:: Data shown ::
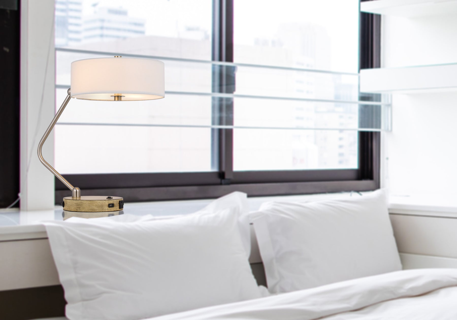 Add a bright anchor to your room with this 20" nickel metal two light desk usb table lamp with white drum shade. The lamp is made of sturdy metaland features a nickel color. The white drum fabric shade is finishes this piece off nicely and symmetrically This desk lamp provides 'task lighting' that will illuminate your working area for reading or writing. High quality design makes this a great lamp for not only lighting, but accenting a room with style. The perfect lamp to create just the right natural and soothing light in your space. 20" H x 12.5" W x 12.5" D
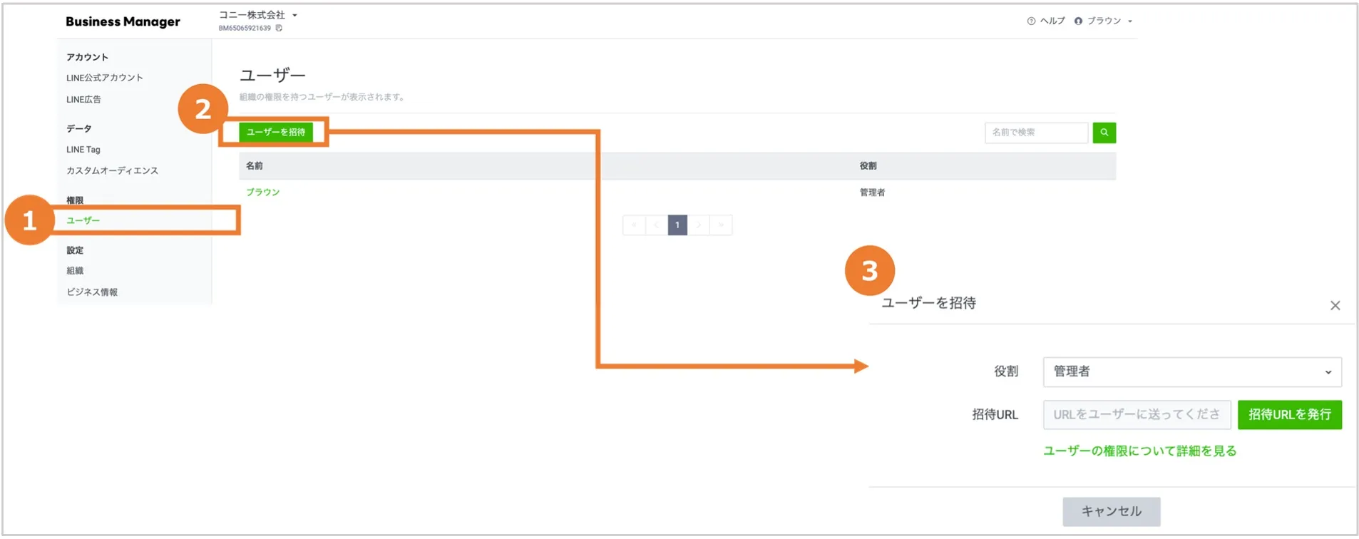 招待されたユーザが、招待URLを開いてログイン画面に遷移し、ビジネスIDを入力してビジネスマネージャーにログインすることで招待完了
:::
:: Data shown ::
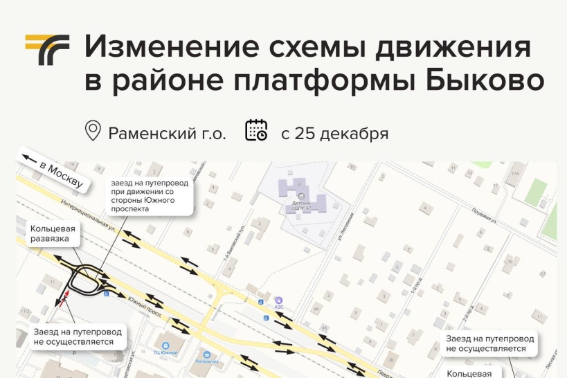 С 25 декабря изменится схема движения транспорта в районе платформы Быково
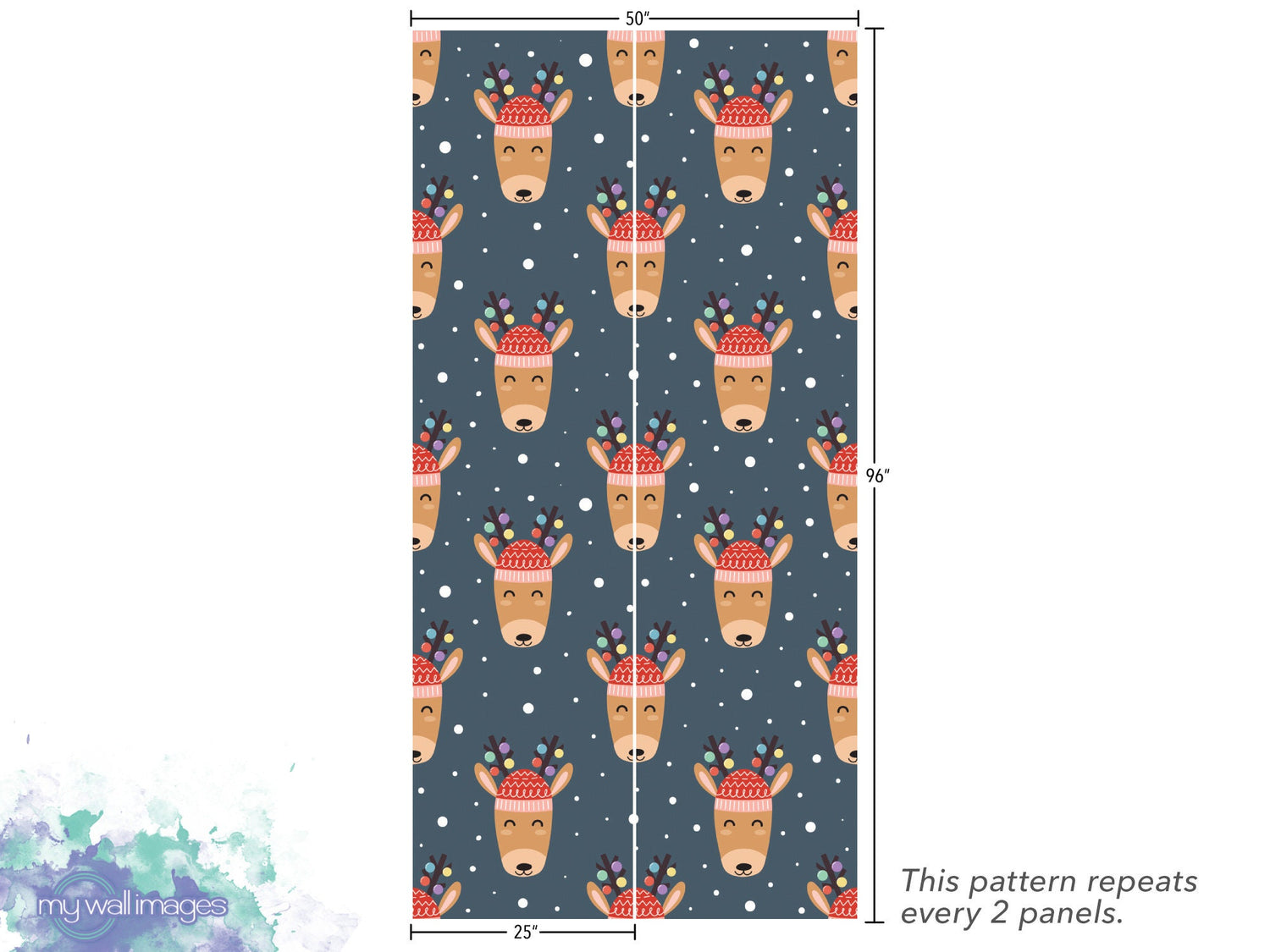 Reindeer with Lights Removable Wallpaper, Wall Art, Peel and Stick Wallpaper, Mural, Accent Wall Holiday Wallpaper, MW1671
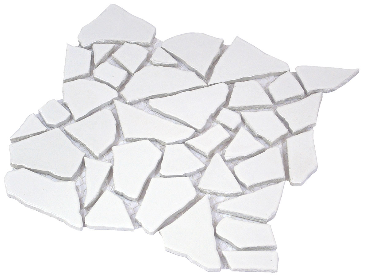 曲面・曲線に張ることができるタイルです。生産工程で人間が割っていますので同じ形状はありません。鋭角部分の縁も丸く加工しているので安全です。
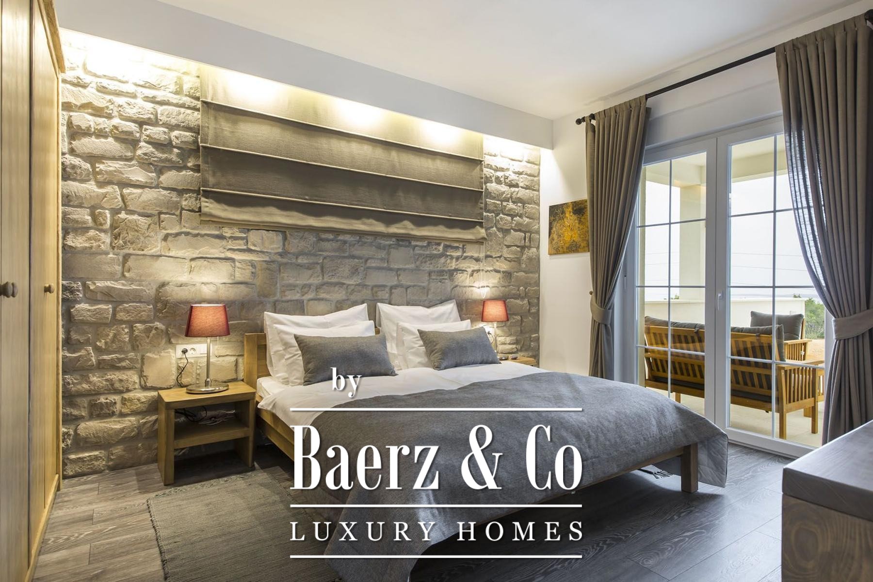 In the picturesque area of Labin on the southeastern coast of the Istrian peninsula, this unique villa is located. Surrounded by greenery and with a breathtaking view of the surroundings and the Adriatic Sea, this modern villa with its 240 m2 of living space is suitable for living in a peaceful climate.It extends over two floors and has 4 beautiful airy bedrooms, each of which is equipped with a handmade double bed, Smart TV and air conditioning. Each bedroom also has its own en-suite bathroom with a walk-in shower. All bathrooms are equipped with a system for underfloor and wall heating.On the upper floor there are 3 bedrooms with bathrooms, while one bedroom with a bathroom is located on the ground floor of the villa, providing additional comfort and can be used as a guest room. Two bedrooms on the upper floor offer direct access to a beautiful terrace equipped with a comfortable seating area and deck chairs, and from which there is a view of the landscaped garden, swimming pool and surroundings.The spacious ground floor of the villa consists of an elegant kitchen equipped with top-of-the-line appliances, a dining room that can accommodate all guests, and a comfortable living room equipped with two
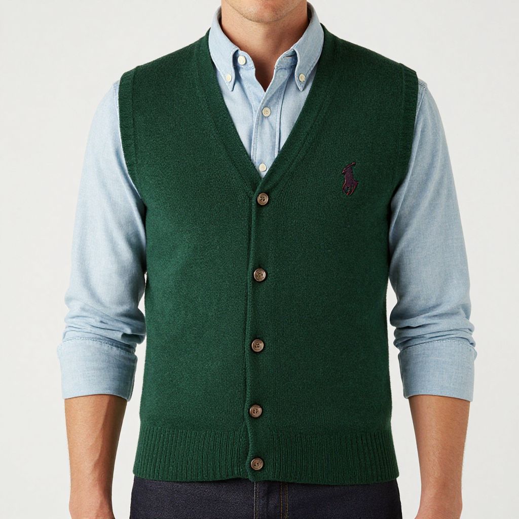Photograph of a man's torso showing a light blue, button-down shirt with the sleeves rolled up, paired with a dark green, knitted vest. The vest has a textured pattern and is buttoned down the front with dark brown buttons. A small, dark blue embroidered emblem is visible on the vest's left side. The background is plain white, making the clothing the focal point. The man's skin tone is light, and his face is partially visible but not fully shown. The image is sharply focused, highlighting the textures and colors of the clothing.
:::
:: Data shown ::
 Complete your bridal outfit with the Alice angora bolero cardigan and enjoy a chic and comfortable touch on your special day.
:::
From the line holding "Reindeer with Lights" to the line holding "曲面・曲線に張ることができる", both included, retype the entries above exactly and drop the pictures.

 Reindeer with Lights Removable Wallpaper, Wall Art, Peel and Stick Wallpaper, Mural, Accent Wall Holiday Wallpaper, MW1671
 曲面・曲線に張ることができるタイルです。生産工程で人間が割っていますので同じ形状はありません。鋭角部分の縁も丸く加工しているので安全です。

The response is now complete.